Он укоризненно покачал головой.

-- Издеваешься? Я что, дурак?

-- Ах вот оно что, - задумчиво протянула Люба. Она и хотела ему ответить, и очень страшно было, сказав, почувствовать вдруг, что это - неправда. Есть слова, которые не прощают бездумного обращения с собой, и, безусловно, "люблю" занимает в этом списке одно из почетных первых мест. Но другого способа по­нять истину, кроме как произнести его, просто не существовало.

-- Шур, - она серьезно взглянула ему в глаза, силясь понять саму себя, боясь совершить непоправимую ошибку, - мне все это сда­лось, потому что я тебя люблю.

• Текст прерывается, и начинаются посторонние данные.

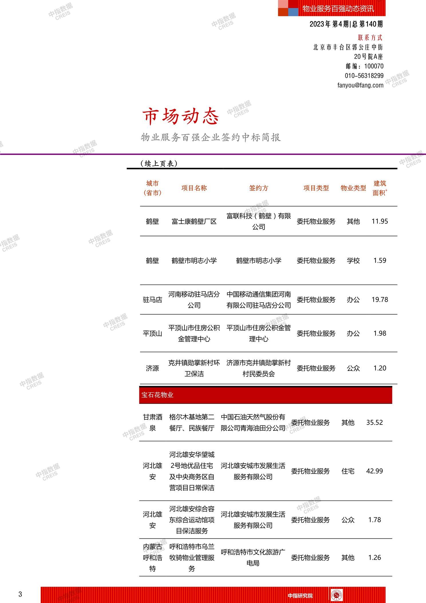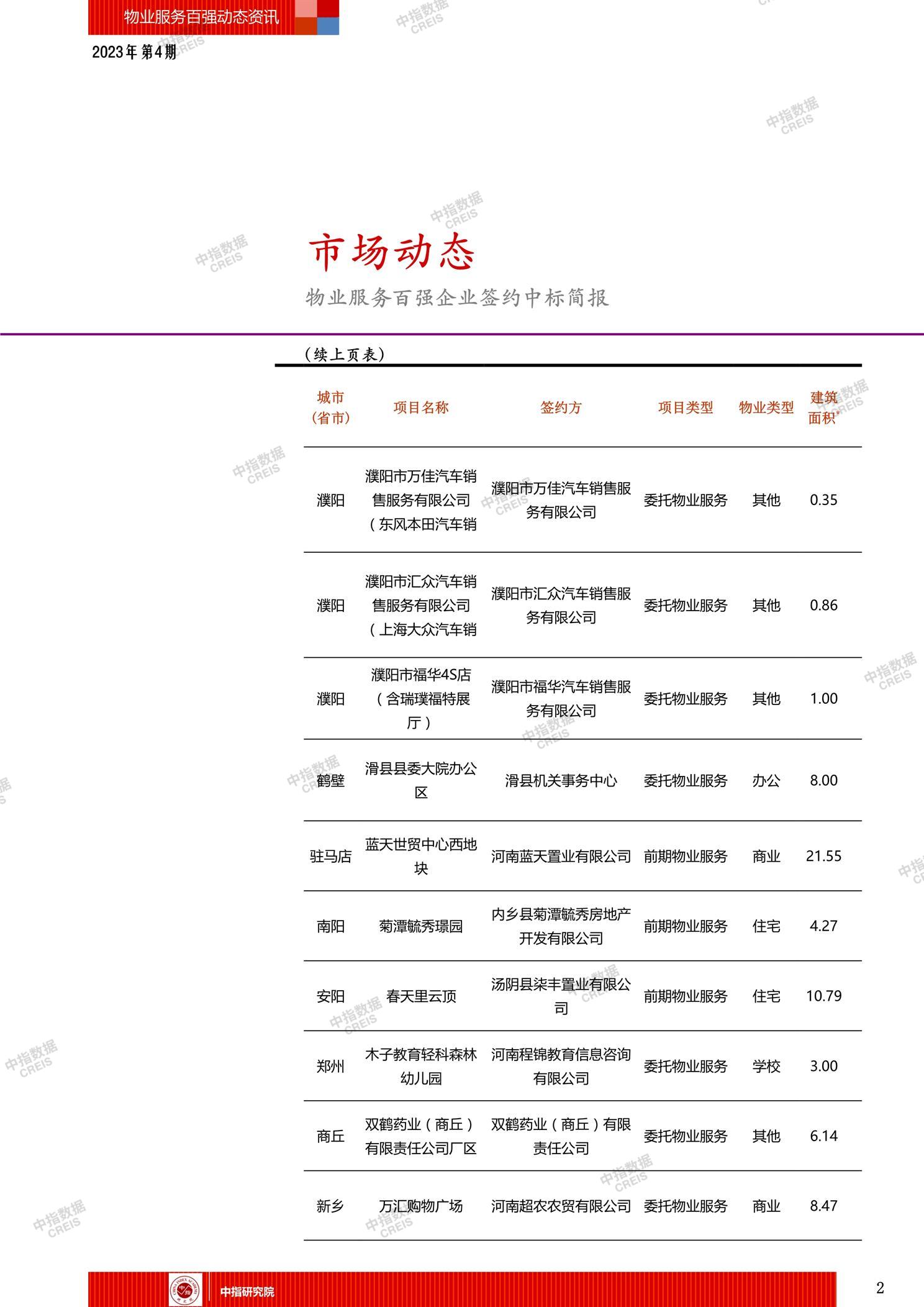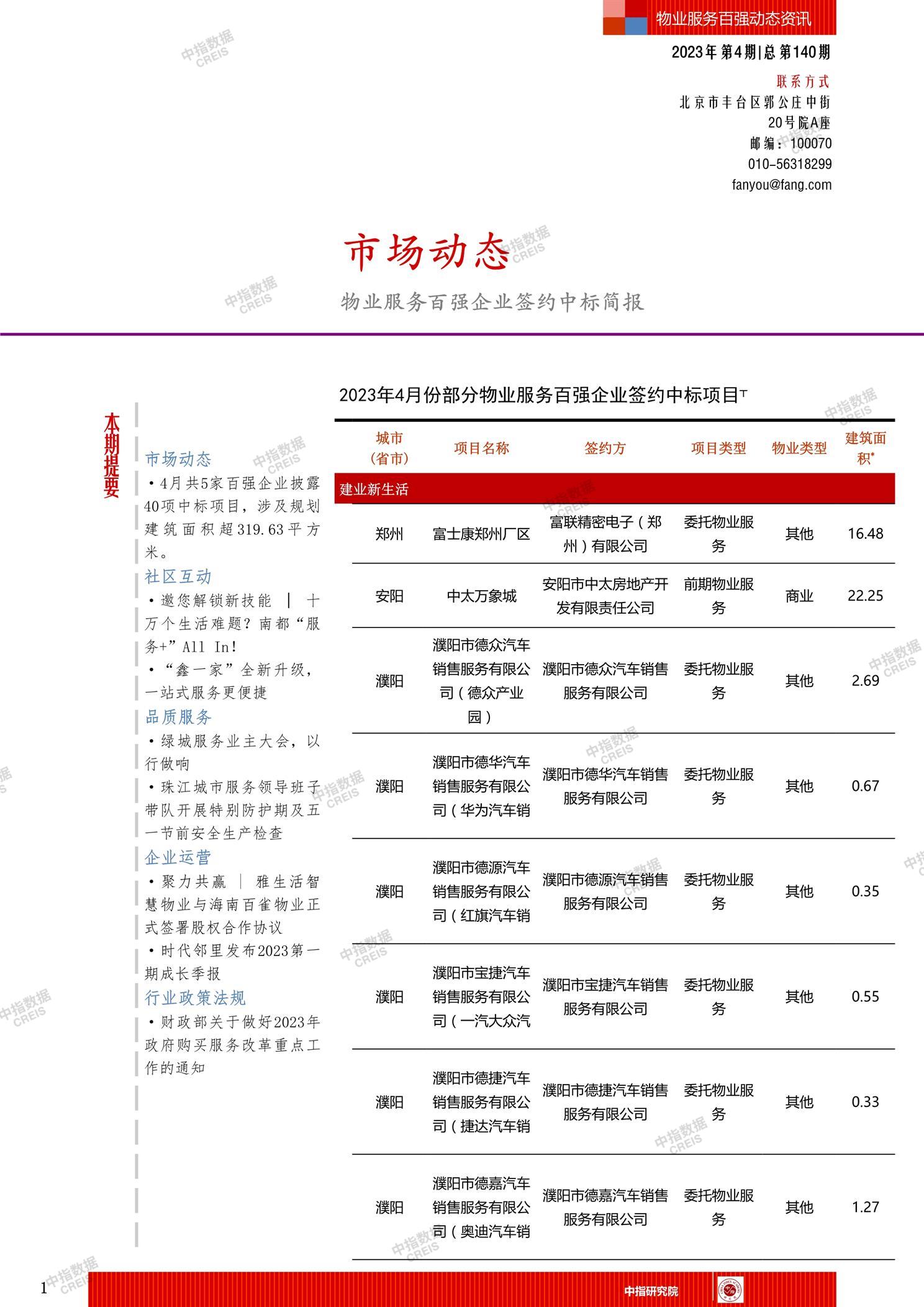 [摘要] 2023年4月物业服务百强企业动态月刊主要围绕市场动态、社区互动、品质服务及企业运营四大板块展开。在市场动态方面,4月共有5家百强企业披露40项中标项目,涉及规划建筑面积超319.63万平方米,项目类型涵盖住宅、商业、办公、学校等多种业态,其中建业新生活、宝石花物业等企业在河南、河北、青海等地签约多个委托及前期物业服务项目。社区互动方面,多家企业通过便民活动、公益捐赠、读书日、市集等形式增强业主参与感,如南都物业推出“服务+”多元增值服务,弘阳服务开展“幸福市集”,德信服务组织雨季防汛准备等。品质服务板块聚焦服务升级,绿城服务通过业主大会收集并整改102项问题,珠江城市服务开展安全生产检查,敏捷物业推进垃圾分类,新希望服务完成多个项目集中交付。企业运营方面,雅生活与百雀物业、宝石花物业与西南石油大学达成战略合作,银城生活、苏宁银河物业、弘阳服务等多家企业荣膺2023中国物业服务百强企业称号,部分企业排名提升至TOP20以内。此外,财政部发布政府购买服务改革工作通知,行业政策环境持续优化。整体来看,百强企业通过市场拓展、服务创新、社区共建及战略合作,持续提升综合竞争力与品牌影响力。 【此内容为AI自动生成】

И в ту же секунду поняла, что не согрешила празднословием: сказанное оказалось правдой. И если б у человека существовал хвост, виляющий от радости, как у собаки, - Шура расшугал бы им всех посетителей торгового центра.

***

Нежданный отпуск подошел к концу, снова начались суровые будни. Шла сессия. На одной из консультаций Люба обратила внимание, что преподаватель как-то странно на нее смотрит. Она украдкой осмотрела себя в поиске возможной расстегнутой молнии или чего-то подобного - нет, все было в порядке. Во время экзамена, садясь к столу доцента отвечать по билету, Люба заметила записку, вложенную в ее зачетку - экзаменатор почти незаметно указал на нее глазами. "Сегодня в 5 у входа?" - и он красноречиво вывел очертания пятерки в любиной зачетке. Люба вспыхнула от возмущения и отрицательно покачала голо­вой. Доцент равнодушно пожал плечами, забрал записку и начал допрос с пристрастием. Несмотря на то, что девушка неплохо знала предмет, он не отказал себе в удовольствии предложить ей тройку, намекнув двусмысленной фразой "А ведь могли бы, если б захотели..." на пересдачу. Он был на сто процентов уве­рен, что она не согласится на тройку - прочие экзамены, как не укрылось от его взгляда, были сданы ею на отлично. Сколько себя помнил - девушки в такой ситуации начинали просить о снисхождении и пересмотре оценки, прося то дополнительный вопрос, то возможность прийти с другой группой и сдать заново.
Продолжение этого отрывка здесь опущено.